Гуманитарный аспект ролевых игр

Материал из Ролевая Библиотеки
Версия от 20:54, 17 апреля 2014; MariaRaczynska (обсуждение | вклад) (Новая страница: «'''Автор''': ''Федор Слюсарчук (Теодор)'' ==Оправдание рефлексии== Ролевые игры – странное за…»)

(разн.) ← Предыдущая | Текущая версия (разн.) | Следующая → (разн.)
Перейти к: навигация, поиск

Автор: Федор Слюсарчук (Теодор)

Оправдание рефлексии

Ролевые игры – странное занятие. Действительно, с одной стороны – игры (что-то такое несерьезное), а с другой еще и ролевые! Что это за роли такие? Зачем это им роли, маски, когда надо быть собой, жить своей жизнью! Что-то тут настораживает… Нездоровое что-то… Как будто люди боятся быть собой и выбирают себе другие жизни… В общем – для слабаков и неудачников…

Пожалуй, все это верно. Все это так – если рассматривать ролевые игры как феномен социальный. При рассмотрении в социальном аспекте ролевые игры – это такое субобщество, в котором социальная организация подчиняется нормам, отличным от традиционно существующих в обществе. При этом социальная структура в том или ином виде присутствует, понятие статуса существует, только вот критерии успеха и механизмы достижения оного – другие, непонятные…

Трактовка очевидна: люди, не способные побеждать по правилам игры, принятым в обществе традиционном, создают псевдообщество – с другими правилами, в рамках которых они могут быть успешны. Грубо говоря: не умеют зарабатывать деньги и делать карьеру – вот и придумывают себе общество с другими нормами и показателями статуса, которым их натура может быть адекватна и в которых может произойти их личностная реализация. Иначе зачем им игры? Действительно, зачем?

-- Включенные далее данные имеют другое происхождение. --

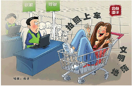 超市购物车,顾名思义,是在购物时临时存放待购商品的;也有“乘坐”功能,但仅限幼童——不少购物车前侧有专门供小孩乘坐的车篮椅,使用时应将双腿伸出购物车。成人乘坐功能则不在此列。试想,成人穿着鞋子蜷坐其中,有安全风险的同时,脚踩他人日常放物品甚至食品的地方,很难说不是踩过了公德底线。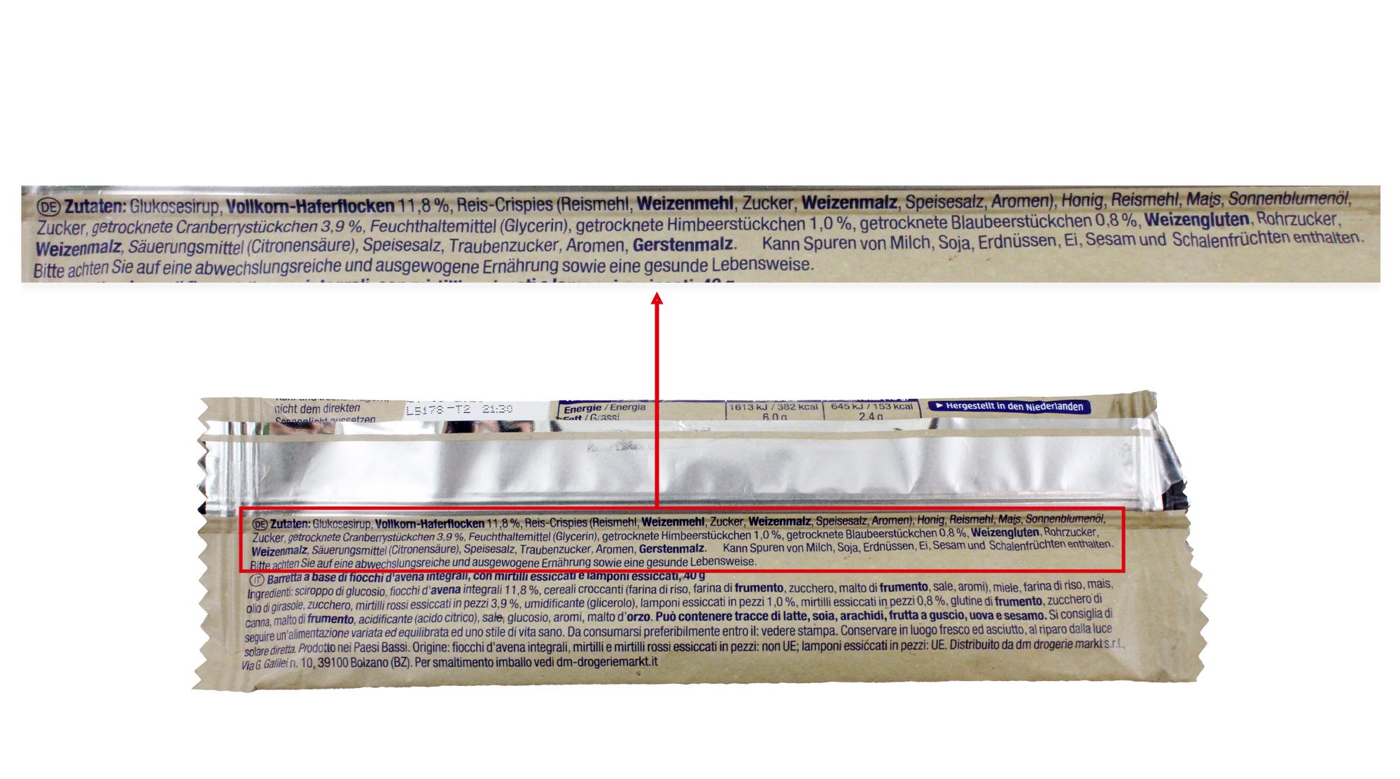 Auf der Schauseite des dm Riegels „Sportness Natural Energy“ sind ein halber Riegel und ein paar Beerenfrüchte abgebildet. Darunter steht der Hinweis „Riegel mit Vollkorn-Haferflocken, Cranberries, Himbeeren und Blaubeeren“. Die aufgezählten natürlichen Zutaten machen zusammen 17,5 Prozent der Zutaten aus. Als weitere natürliche Zutaten tauchen Honig, Mais, Sonnenblumenöl und Speisesalz auf. An erster Stelle steht Glukosesirup. Ansonsten nennt die Zutatenliste weitere Zuckerarten, helle Mehle, Weizengluten, Weizenmalz, Zusatzstoffe und Aromen.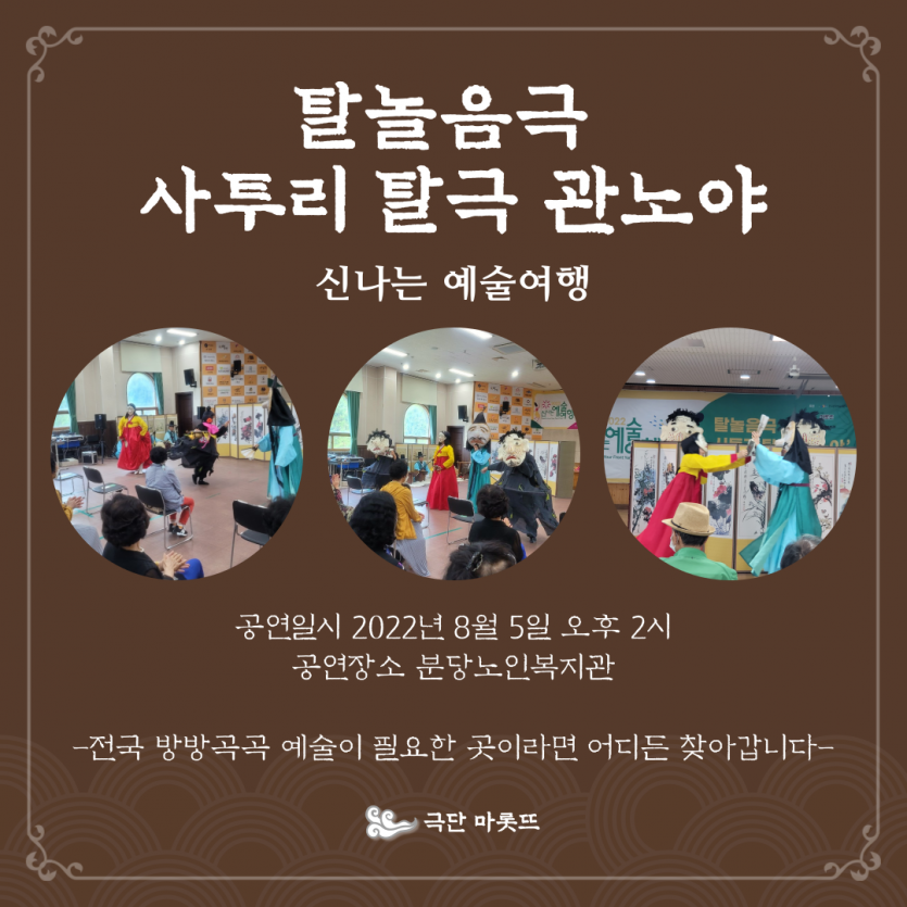 - 이전글2022년 신나는 예술여행 극단 마롯뜨 찾아가는 탈놀음극 '사투리 탈극 관노야' 22.08.09

Это не очень популярный вопрос в ролевой среде. Как и в любой другой среде – любой рефлексивный вопрос. Рефлексия собственной деятельности всегда мучительна. Действительно, где искать основания для нее, а значит, и для себя? Обычно удовлетворяющими, считающимися рациональными ответами на эти вопросы становятся апелляции к общим культурным основаниям: «Зачем ты устраиваешь революцию?» – «Для счастья человеческого» – «А, тогда понятно». Понятно, потому что культурная норма, на которую последовала ссылка, помечена в общественном сознании как приемлемая. Очевидно, что приятие обществом какой-то деятельности зависит от соответствия этой деятельности определенному общественному стереотипу.

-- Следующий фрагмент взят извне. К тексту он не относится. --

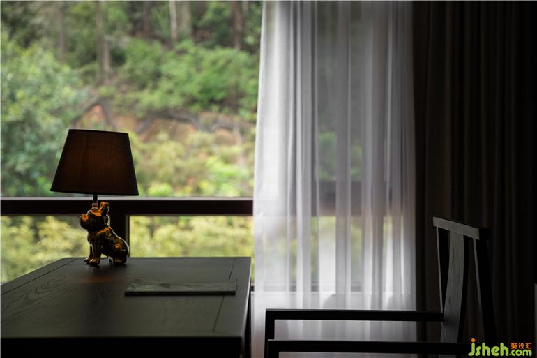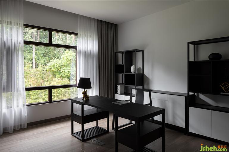 三層的主臥套間舍去厚重的裝飾,給人自然平衡的簡(jiǎn)約感,傳達(dá)了人居生活的最佳狀態(tài)。陽光透過落地玻璃窗給沉穩(wěn)的書房撒上一道美景,每一件單品,每一種材質(zhì)都在同一空間里呼吸著,互相交織,呈現(xiàn)出極簡(jiǎn)設(shè)計(jì)的安靜與美好。主臥臨山而設(shè),書房飄窗,可欣賞室外山水好景。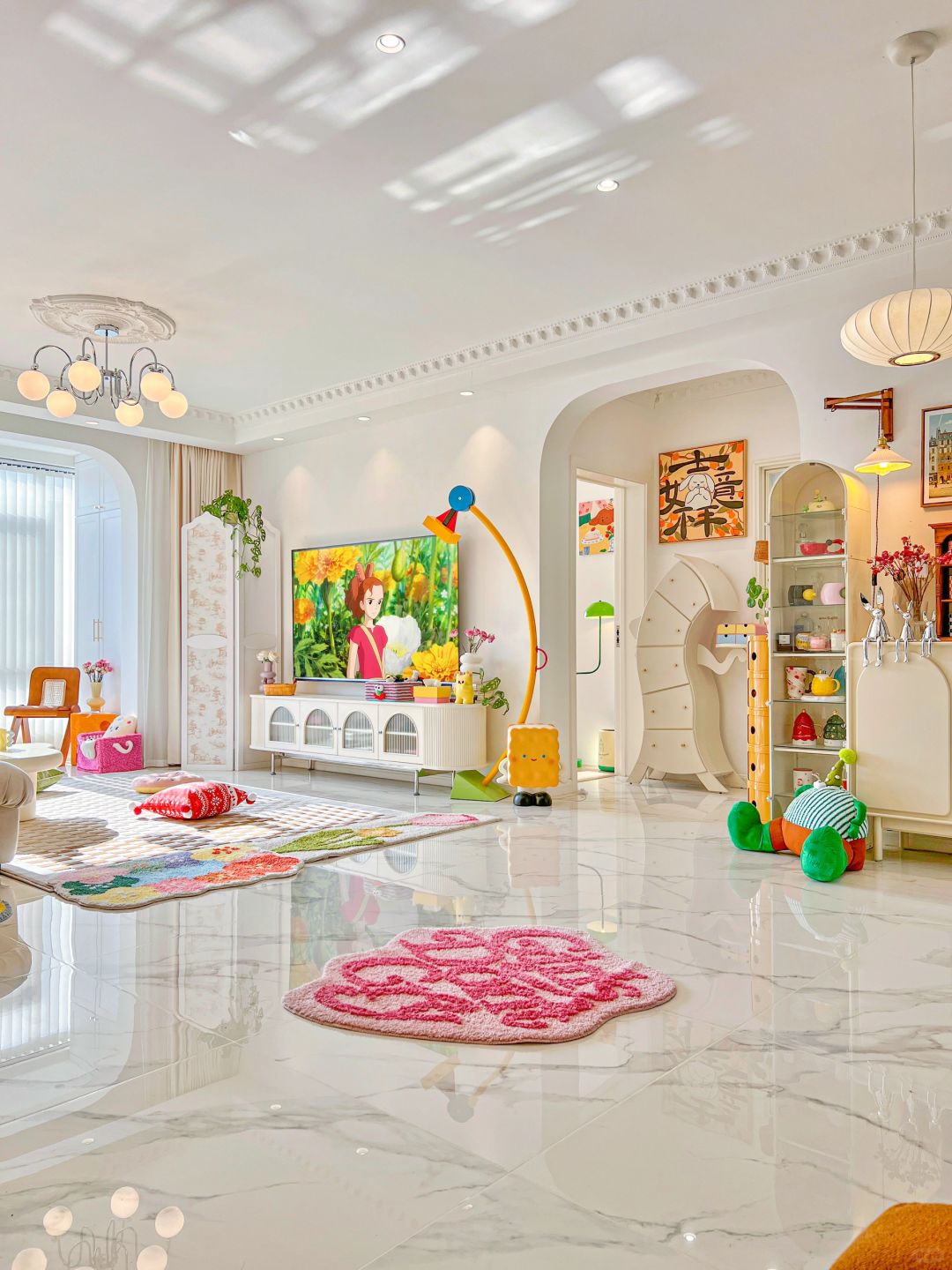 地砖规格80×80cm,大面积白色基底,搭配白色美缝
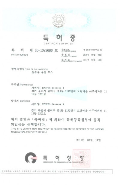 실습용 용접부스 특허증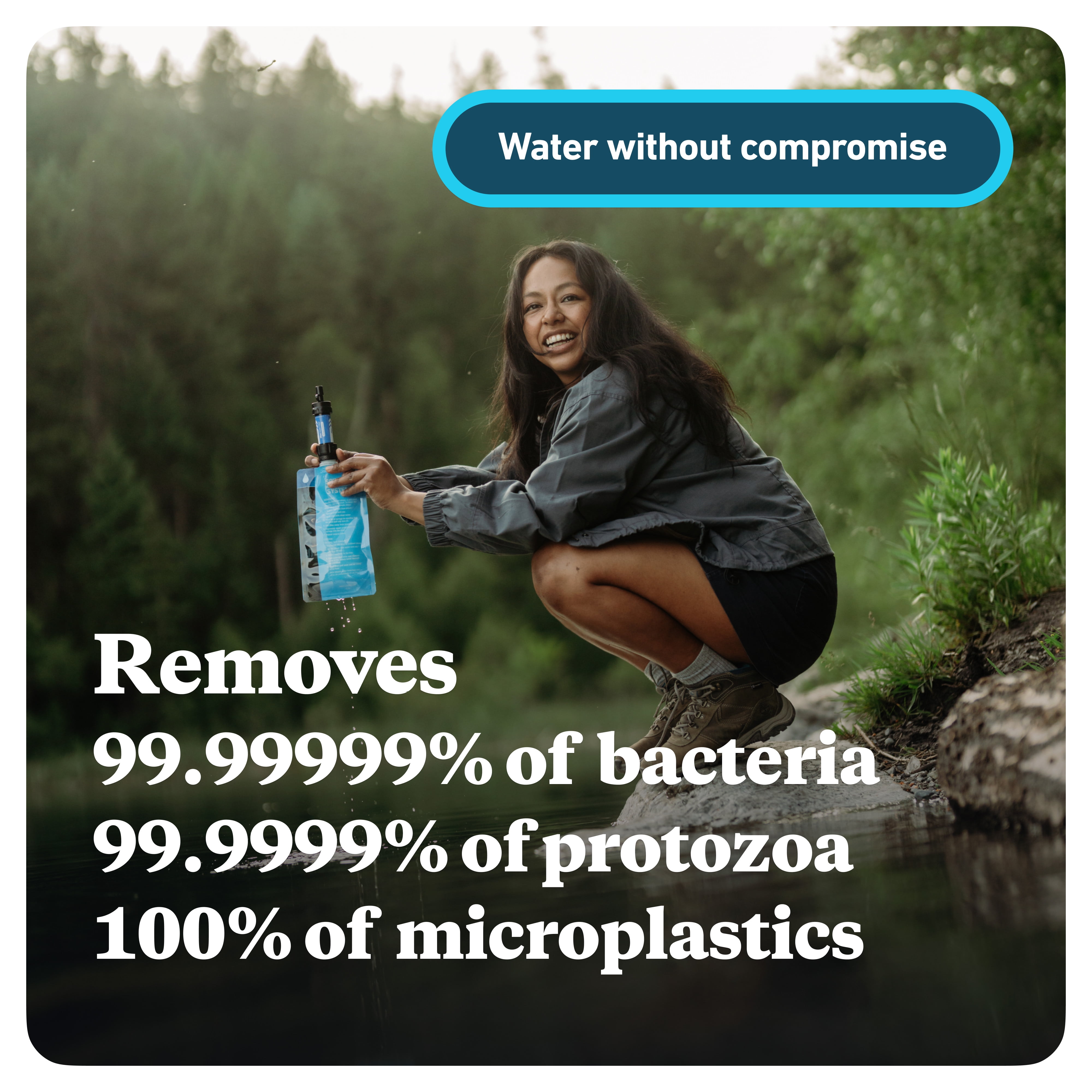 Ideal for outdoor recreation, hiking, camping, scouting, domestic and International travel, and emergency preparedness High-performance 0.1 micron absolute inline filter fits in the palm of your hand and weighs just 2 ounces; 100% of MINI units individually tested three times to performance standards by Sawyer Attaches to included drinking pouch, standard 28 mm disposable water bottles, hydration packs, or use the straw to drink directly from your water source Removes 99.99999% of all bacteria (salmonella, cholera, and E. coli); removes 99.9999% of all protozoa (such as giardia and cryptosporidium); also removes 100% of microplastics Filter rated up to 100,000 gallons; includes two Sawyer MINI filters, 16-ounce reusable squeeze pouch, two 7-inch drinking straws, and two cleaning plungers This same filter is being used to bring clean water to families all around the world in over 80 countries

С другой стороны, крайне редко деятельность, в которую вовлечен достаточно большой сегмент общества, не имеет значимых культурных оснований. Деятельность возникает только в том случае, если она эмоционально оправдана, то есть приносит субъекту деятельности необходимые ему эмоции. Но эмоции, способные инициировать деятельность в наши дни, так же инициировали деятельность и в прошлые века. Как правило, они уже оправданы одной из культурных традиций. Да и виды деятельности, основанные на одних эмоциональных посылах, чаще всего схожи в своих целях, хотя могут разниться в методе. Поэтому практически любая деятельность, существующая в нашем обществе, так или иначе есть продолжение какой-либо культурной традиции, берущей свое начало много веков назад.

Таким образом, деятельность редко не имеет принимаемых обществом культурных оснований. Поэтому проблема социализации есть проблема описания деятельности на языке принимаемой обществом культурной традиции. Крайне важным является тот факт, что после такого описания деятельность становится не только принимаемой, но и социально-полезной. Стоит только описать спорт не как «рукомашество и дрыгоножество», а как «соревнование наций на спортивных аренах, а не на полях сражений» (то есть в традиции гуманистической), как он сразу принимается всем обществом, да еще и действительно утилизирует национальную спесь. Чтобы общество использовало, оно должно понять. Процесс же понимания – процесс сведения к принятым основаниям.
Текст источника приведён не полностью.